First of all, I would like to point out people claiming “actually this is incremental progress” aren’t making the point they think they are. If even major breakthroughs like solving superposition are incremental progress, that suggests that AI Alignment is easier than I expect.

However, I do think some of the criticism is valid. Namely, I have been lumping major breakthroughs in with incremental advances and calling them all “breakthroughs”. Therefore I am introducing a new rating system for each alignment breakthrough. The rating system will go from 1 star⭐ to 5 stars ⭐⭐⭐⭐⭐.

A 1 star ⭐ “breakthrough” represents incremental progress. This means, that while technically achieving a new milestone, this breakthrough was the result of known techniques and could have been easily predicted in advance by an expert in the field. An example of something I’ve posted in the past that should be considered 1 star ⭐ is Wustchen V3. An example of a hypothetical 1 star ⭐ breakthrough would be if RLHF on GPT-5 was found to work better than RLHF on GPT-4.

A 5 star ⭐⭐⭐⭐⭐ “breakthrough” represents a discovery that solves a significant unsolved problem that was considered to be a major obstacle on at least one AI Alignment path. An example of a 5 star ⭐⭐⭐⭐⭐ breakthrough that I’ve posted in the past would be neuron superposition. An example of a hypothetical 5 star ⭐⭐⭐⭐⭐ breakthrough would be if someone were to develop a system that could translate a human-language description of a math problem into a formal mathematical proof.

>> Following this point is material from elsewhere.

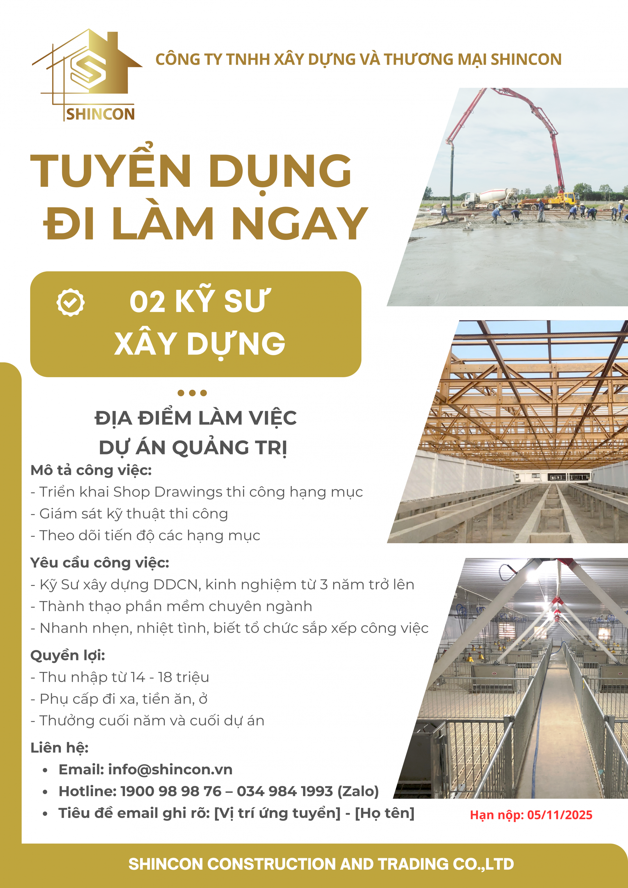 TUYỂN DỤNG KỸ SƯ XÂY DỰNG - DỰ ÁN QUẢNG TRỊ

My hope is that by introducing the star rating system, I will elevate the quality of my critics from language policing (pointless, dumb) to meaningful discussion of specific technical topics. An example of a a “good” criticism I hope to receive is

“No, the AI Lie Detector, which you rated 5 stars should be 1 star. Anyone could have seen it coming”

“No, Decoding Speech from Non-invasive brain recordings, which you rated 2 stars, should be 5 stars. It will never happen again.”

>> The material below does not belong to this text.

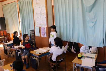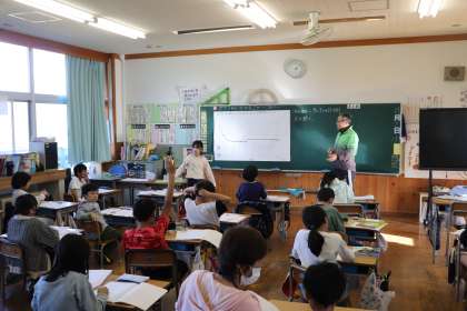 前回の水をこおらせる実験のグラフから読み取れることを、児童は次々と発言していきました。
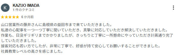 福岡・熊本・大分・佐賀・広島・山口・岡山・島根の8県に対応しています。Googleビジネスプロフィールの平均評価は星4.7と非常に高く、地域の方からの信頼も厚いと考えられます。しかし、本当に信頼できる業者でしょうか。

As a reminder, if you are arguing something should have fewer stars, you are claiming it is easier than I expected. If you are claiming something should have more stars, you are claiming it is harder than I expected.

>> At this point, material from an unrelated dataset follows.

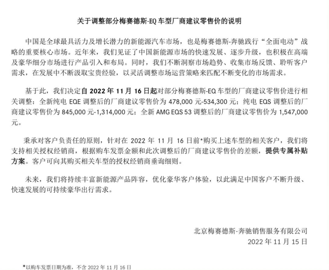 在宣布降价的同时,奔驰在公告中还表示,秉承对客户负责任的原则,针对在2022年11月16日前购买上述车型的相关客户,将支持相关授权经销商,根据购车发票金额和此次调整后的厂商建议零售价的差额,提供专属补贴方案。
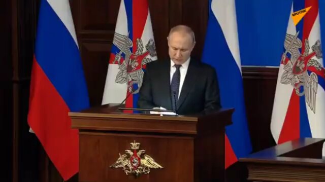 ولادیمیر پوتین، رئیسجمهوری روسیه در سخنانی در هیات وزارت دفاع روسیه درباره فعالیتهای نظامی مختلف این کشور در سال ۲۰۱۹ سخنرانی کرد. همچنین انتظار میرود رئیس کشور روسیه اهداف جدیدی برای ارتش در سال آتی میلادی تعیین کرده و حوزههای توسعه که برای ارتش و نیروی دریایی طراحی شده است، اعلام کند.

Now, without any further ado…

AI Alignment Breakthroughs this Week

This week there were breakthroughs in the areas of:

AI Evaluation

AI Agents

Mechanistic Interpretability

Explainable AI

Simulation

Making AI Do what we want

AI Art

AI Evaluation

PCA-Eval

What is it: a new benchmark for multi-modal decision making

What is new: evaluate multimodal models (like GPT-4V) by their ability to make decisions in different domains

What is it good for: Benchmarking is key for many AI safety strategies such as the Pause and RSPs

Rating: ⭐⭐

AI Agents

Adapting LLM Agents Through Communication

What is it: Improved AI agents

What is new: By fine-tuning the LLM, the agents can perform better

What is it good for: Factored Congnition, Bueracracy of AIs

Rating: ⭐

Mechanistic Interpretability

Research on infinite-width neural networks

What is it: research showing the behavior of infinite (large number of) parameter LLMs

What’s new: a specific map showing when NNs will under/overtrain

What is it good for: determining the stability of neural networks as they scale up

Rating:⭐⭐⭐

Reverse-engineering LLM components

What is it: research to understand LLM components

What’s new: discovery of “copy supress” heads that prevent the LLM from repeating the input

What is it good for: understanding how LLMs work gives us better tools to trust/control them

Rating:⭐⭐⭐

RLHF impacts on output diversity

What is it: Research showing how RLHF training on a model reduces output diversity

What’s new: seems to confirm anecdotal findings that RLHF reduces diversity

What is it good for: Understanding how alignment affects model outputs

Rating: ⭐

Attention Sinks

What it is: a simple method to improve long generations with LLMs

What’s new: they discover that the first 4 tokens acts as “attention sinks” and keeping them improves LLM outputs

What is it good for: This gives me strong vibes of this research, which allowed us to get much better attention maps from VITs

Rating: ⭐⭐⭐

Explainable AI

Ferret MLLM

What is it: A new multi-modal-LLM that “grounds” its explanations in the images it is shown.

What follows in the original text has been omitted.